Inspired by the eyes of bugs, the Fraunhofer Institute for Applied Optics and Precision Engineering on Tuesday unveiled an entire camera system that measures only 2 millimeters thick.
The camera, which includes both a lens and sensor combo, shoots at just 1 megapixel currently, but the developers say the technology could reach four times that, making the tiny camera a possibility for use in the automotive, printing and medical industries.
Mixing the technology with current smartphone designs could allow for use of the technology in a slightly larger size. The research group says that the camera shoots at a much higher resolution than similarly sized cameras, which could allow the camera to be used in robotics and vehicles.
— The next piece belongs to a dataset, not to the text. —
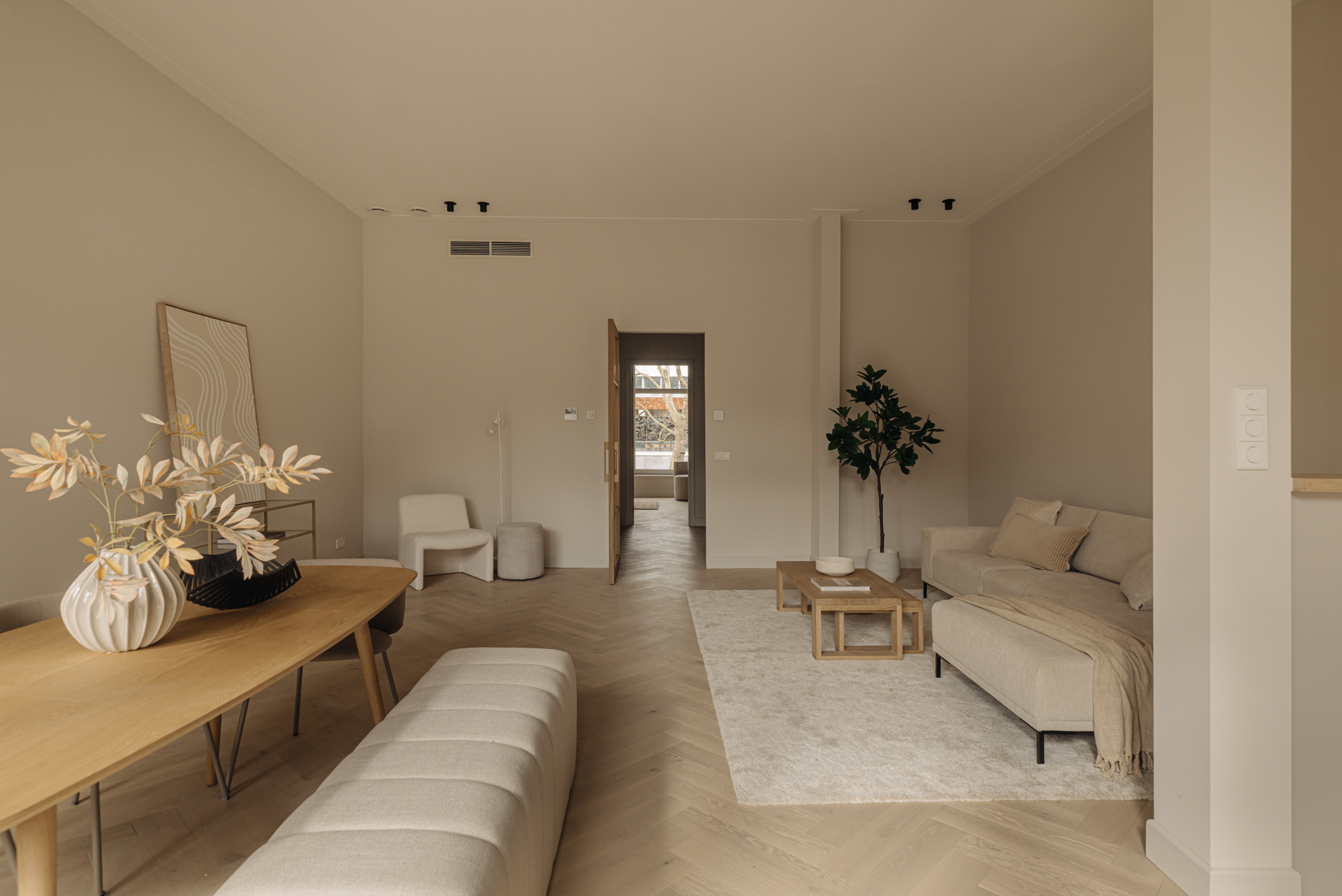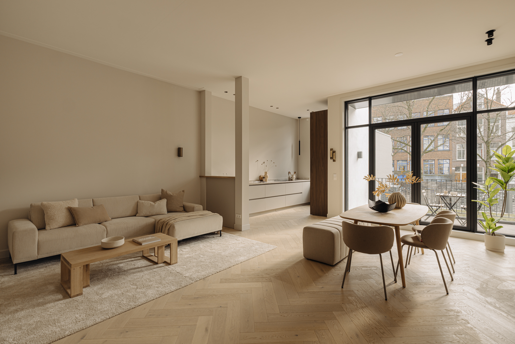 Luxe dubbel benedenhuis van ca. 182 m² met vier slaapkamers, twee badkamers, een balkon, een terras, interne berging en entree naar het appartement via zowel de voor als achterzijde. De appartementen zijn vormgegeven met zorgvuldig geselecteerde, hoogwaardige materialen die een gevoel van warmte en comfort creëren. Luxe visgraatvloeren, hoge plafonds, subtiele tinten in de keukens en badkamers, en een doordacht lichtplan zorgen voor een harmonieuze en uitnodigende ambiance. De keuken, met haar strakke lijnen en ruime opbergruimte, biedt een perfecte combinatie van stijl en praktische functionaliteit. Het gebouw is gelegen op eigen grond.

The camera’s multiple tiny lenses are positioned close together in order to capture one section of the image a piece at a time — like the way an insect’s eye works, Franunhofer Institute explains. Each lens is offset so that the a small section overlaps with another piece of the constructed image.
The design — which appears to be similar to the concept behind the multiple silicon pieces Sony recently designed for a tiny lens — allows the entire camera to measure only 2 millimeters thick. While the current prototype has too low of a resolution to be used for snapshots, combining the insect eye lens concept with current smartphone camera designs in future advancements could lead to a 3.5 mm thick version with megapixels in the double digits, which would eliminate that bulge at the back that houses the camera components.
Andreas Brückner, a project manager at the Fraunhofer Institute, explains that current smartphone cameras are about 5 millimeters thick and are created from injection moulded plastic.
“We would like to transfer the insect eye principal to this technology,” Brückner said in a press release. “For example, it will be possible to place several smaller lenses next to each other in a smartphone camera. The combination of facet effect and proven injection-molded lenses will enable resolutions of more than 10 megapixels in a camera requiring just a thickness of around three-and-a-half millimeters.”
The tiny cameras, on display at this week’s Consumer Electronics Show, could also be affordable to manufacture in large quantities, the research group says.